林業の現場から

林業、杣人、製材業と、山をフィールドとしているスーパーヒーローの方々を紹介しています。ラビーダの「1棟1棟目利きが選んだ木材を使用した伝統的な家づくり」を支えてくださっています。

五十嵐 馨さん

五十嵐 馨さん

「切った木は役に立ってほしい」
それが、木こりとしての想い

ラビーダで作る(Miharu Vivoに入る)家具や家は、主に木で作られています。 地元福島の木材資源をもっと活用し、健全な里山や自然を回復させていくために、福島の林業を応援するために、福島の自然が育む素材で家と家具をつくることが弊社の目指すところです。同じ土地環境で育った木を使うことで建物の耐久性もよくなります。
これを林業の現場から支えてくださっているのが、五十嵐さん。 五十嵐さんにとっての「木こり」は、身体をすり減らし、命を削る生業(なりわい)。 様々な事情で一気に倒せない樹木を、周辺の状況を見ながら伐採していきます。
木を切って製材しても、家具をつくるためには、早くて5年から10年程寝かせなければいけません。「次の世代が豊かに暮らしていくために、自分たちは仕事をしている」と五十嵐さんはおっしゃっていました。未来を見つめながら私達に良質な木を届けてくださっています。

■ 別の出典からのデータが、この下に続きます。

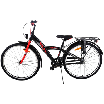 Ontdek de Volare 26 inch Thombike bij Gamma - een combinatie van topkwaliteit en modern design! Veiligheid staat voorop met een handrem, terugtraprem en batterijverlichting voor en achter. Met een leuke bel en reflectoren in de wielen ben je altijd goed zichtbaar en hoorbaar onderweg. Deze mooie zwarte Volare fiets met rode accenten biedt niet alleen veiligheid, maar ook comfort, met een luxe zacht zadel, 3 versnellingen van Shimano, extra zachte handvaten, een handige achterdrager en een stevig frame dat tegen een stootje kan. Met een standaard en een sterk slot is deze fiets compleet uitgerust. Dankzij de extra lange zadelpen groeit de fiets nog langer mee met je kind, en ook het stuur is in hoogte verstelbaar voor optimaal comfort.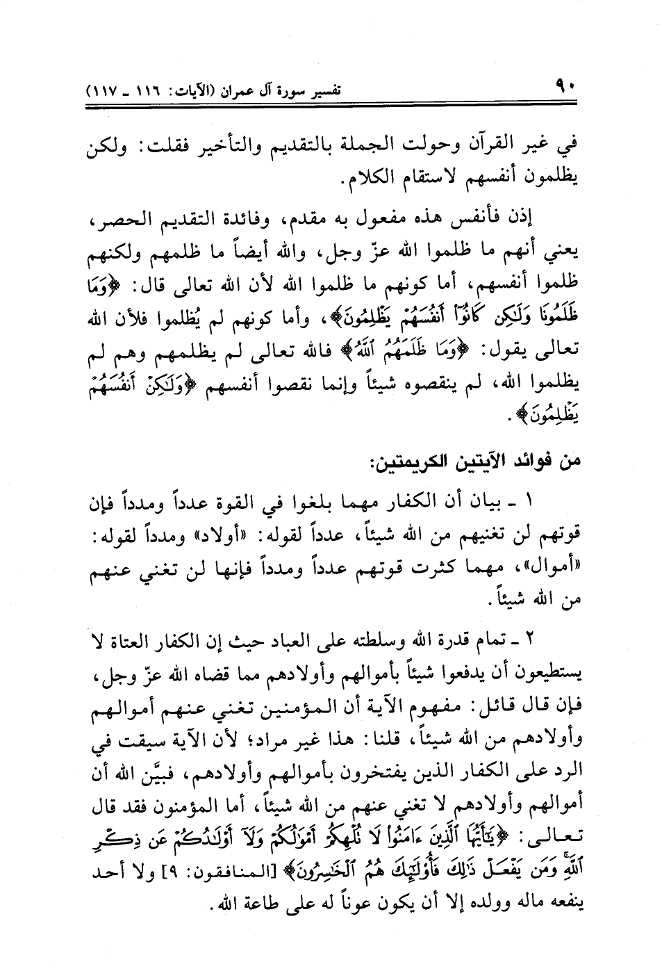 إذن فأنفس هذه مفعول به مقدم، وفائدة التقديم الحصر، يعني أنهم ما ظلموا الله عزّ وجل، والله أيضًا ما ظلمهم ولكنهم ظلموا أنفسهم، أما كونهم ما ظلموا الله لأن الله تعالى قال: {وَمَا ظَلَمَهُمُ اللَّهُ وَلَكِنْ أَنْفُسَهُمْ يَظْلِمُونَ}، وأما كونهم لم يُظلموا فلأن الله تعالى يقول: {وَمَا ظَلَمَهُمُ اللَّهُ} فالله تعالى لم يظلمهم وهم لم يظلموا الله، لم ينقصوه شيئًا وإنما نقصوا أنفسهم {وَلَكِنْ أَنْفُسَهُمْ يَظْلِمُونَ}.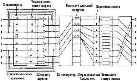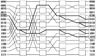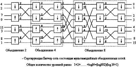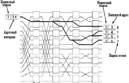 Однако в каждом временном интервале для передачи одного пакета с входа на выход требуются не все переключатели, имеющиеся в дереве. Возможно совместное использование переключателей несколькими разетвителями. Путем добавления пар входных каналов к уже имеющейся структуре можно соединить между собой N входов и N выходов, используя только (N / 2)log2 N элементарных двоичных переключателей.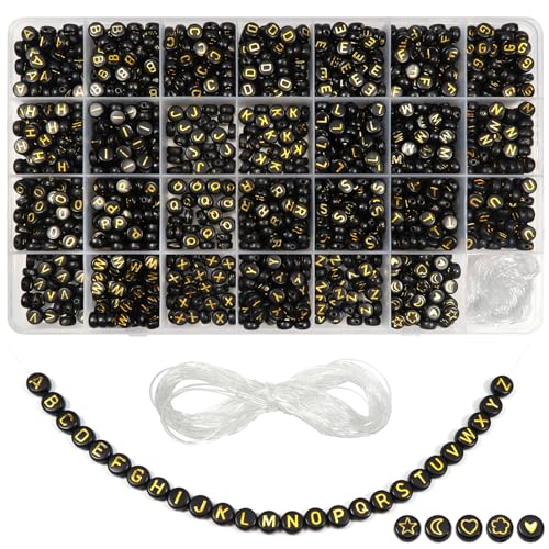 TOAOB 1440 st 7 x 4 mm akryl bokstav alfabet pärlor A till Z svart rund och guld hjärtmönster med 15 mm kristalltråd för DIY armband tillverkning halsband smycken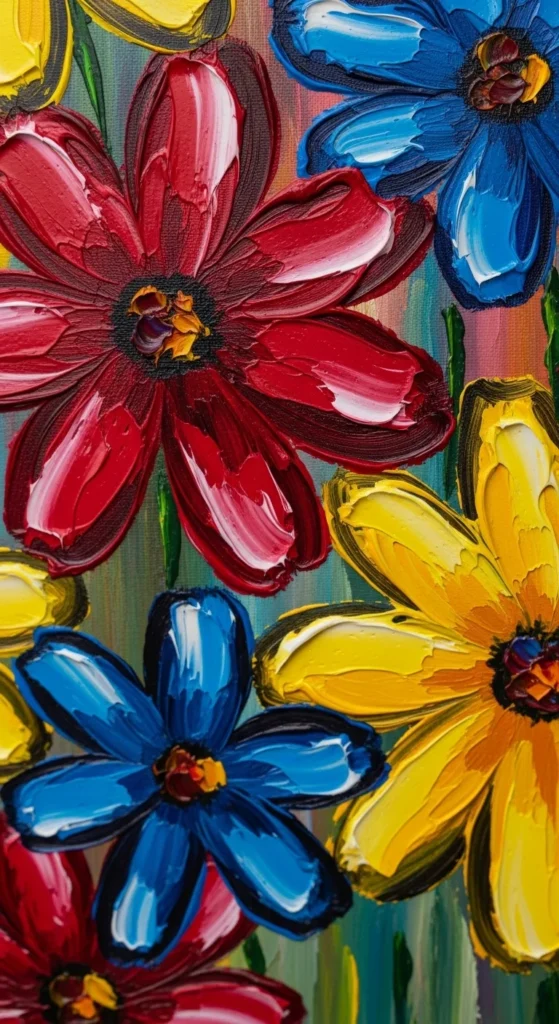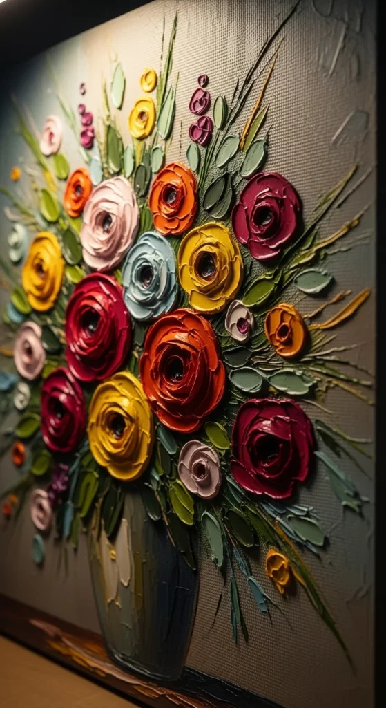 Sculpt petals and leaves using the edge of a palette knife. Layer colors for dimension and realism. This method gives your flowers an impasto, almost sculptural feel. Beginners can experiment freely without worrying about mistakes. These textured canvases work beautifully as focal points or grouped in a gallery arrangement.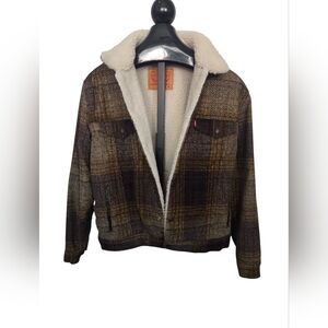 Levi's Corduroy Tan and Brown Plaid Sherpa Jacket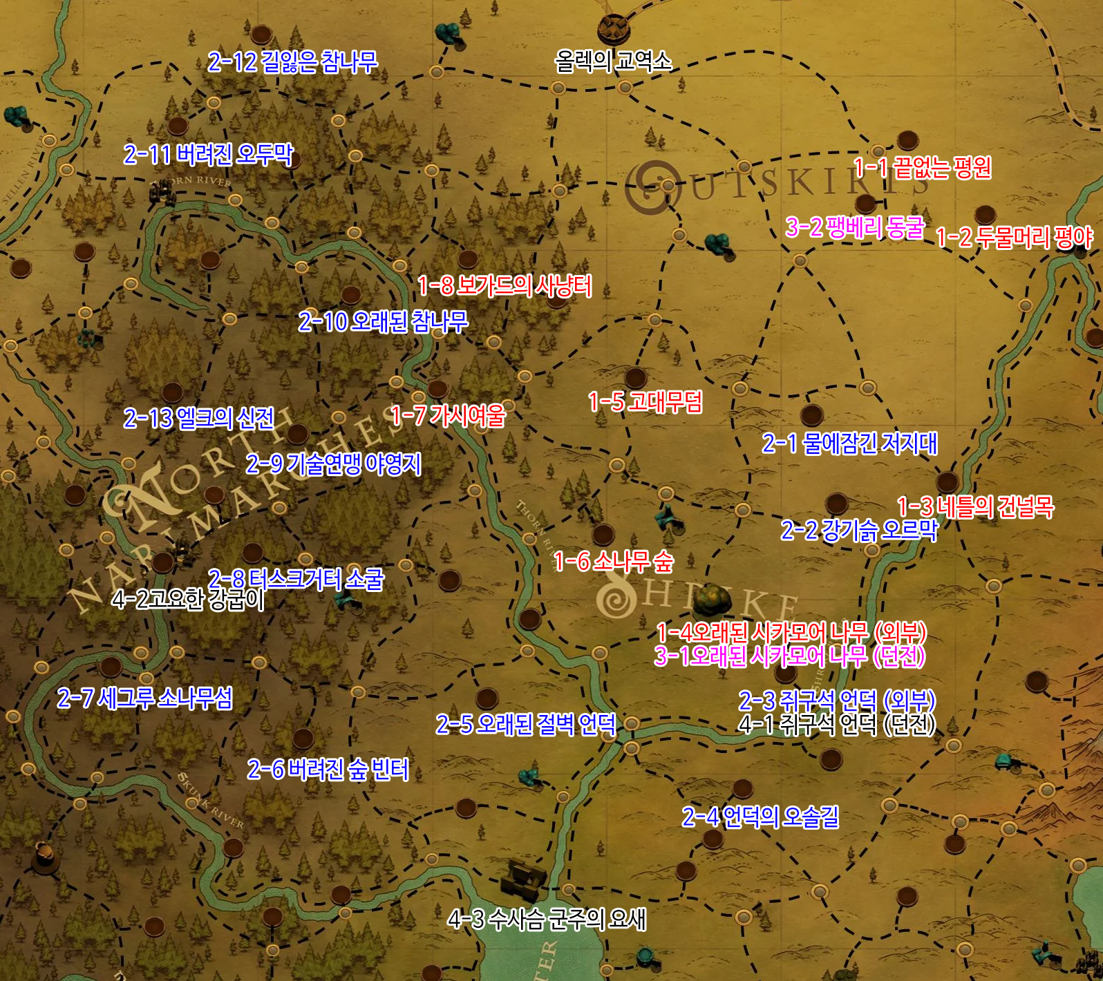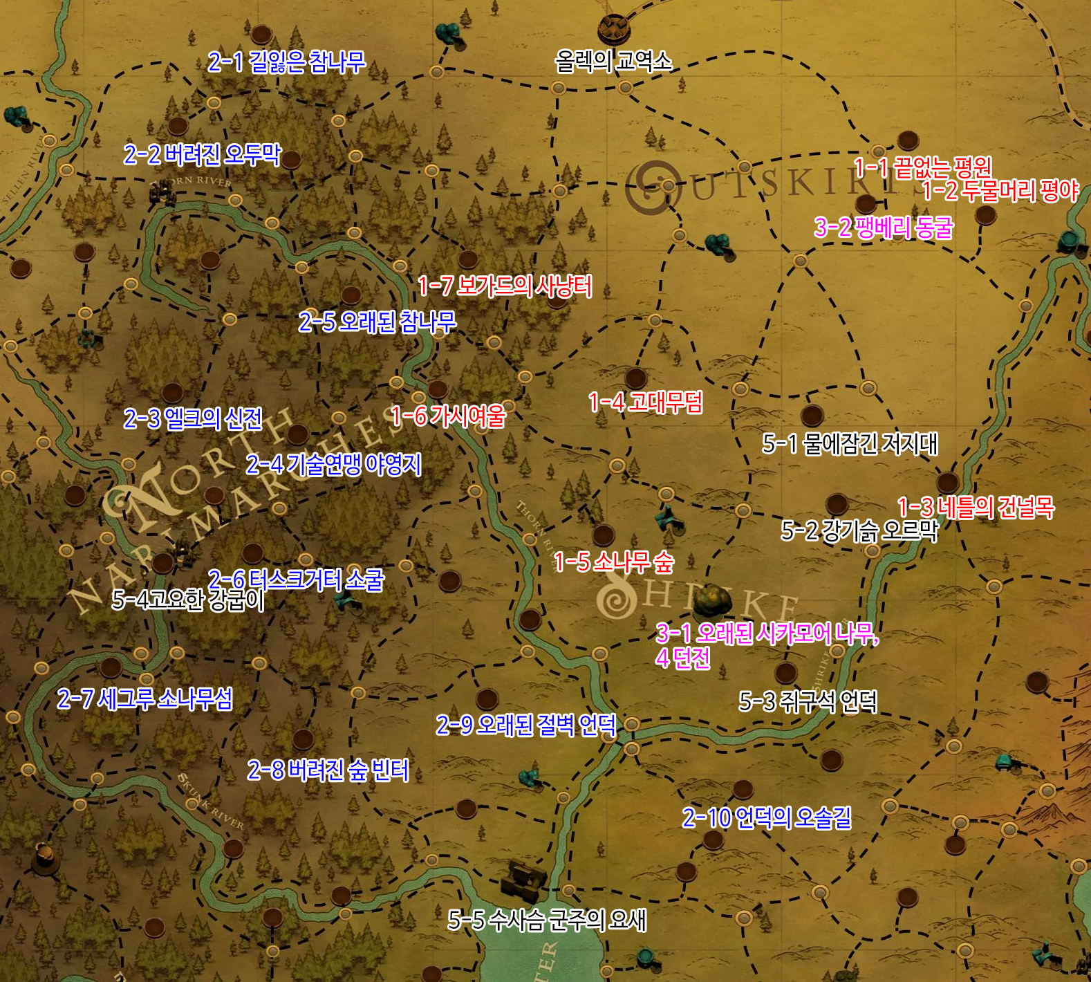 2-5 오래된 참나무와 3-2 팽베리 동굴은 화염 혹은 산성 데미지가 필요하므로 물약이나 주문을 동원해야 한다.

三島町 1954年生まれ。奥会津地方を中心に、30年以上にわたり巨木の伐採などの山仕事に関わってきた。今年6月より林業の振興を目指すアイパワーフォレス ト㈱副社長に就任。木枠サッシなどの商品開発にも取り組む。

住宅施工職人さんの紹介

福島県には高い技術力によって伝統的な技法の施工ができる、多くの職人さんがいます。ラビーダがお願いしている職人さんを紹介しています。

今川 一芳さん 宗形 直顕さん

(左)今川 一芳さん
(右)宗形 直顕さん

百年後には土に還る畳床。
稲藁の心地よさを感じてほしい

畳を製作してくださるのは、郡山市富久山町に工房を構える今川畳店の今川さんと宗形さん。 畳床の材料になる稲わらは、すべて国産の「手刈りで収穫された稲」。 藁床の畳の手縫技術を学び、その後、同じ製作方法で畳を作ることができる100年以上も前の機械を使って「伝統にならった畳」を作りながら技術を伝承されています。
今川さんが思う「畳」とはなにか。 「畳とは、畑の肥料になるような、すぐに自然界で分解されてなくなってしまう儚いものを素材にし、長年培った日本の技術で100年持たせることができるようになった寝具のことなんです。たくさんの人が死ぬ時は畳の上で死にたいと言う。それは畳の気持ちよさがDNAに刻まれているからです。その死ぬときに、本当に気持ちいいと思えるような畳です。」
畳表は熊本産の特級のい草。一般的に出回っているい草の中でも特別に長く、太いい草だけを選別しているため、今までの畳のイメージを一新するような心地よい手触りです。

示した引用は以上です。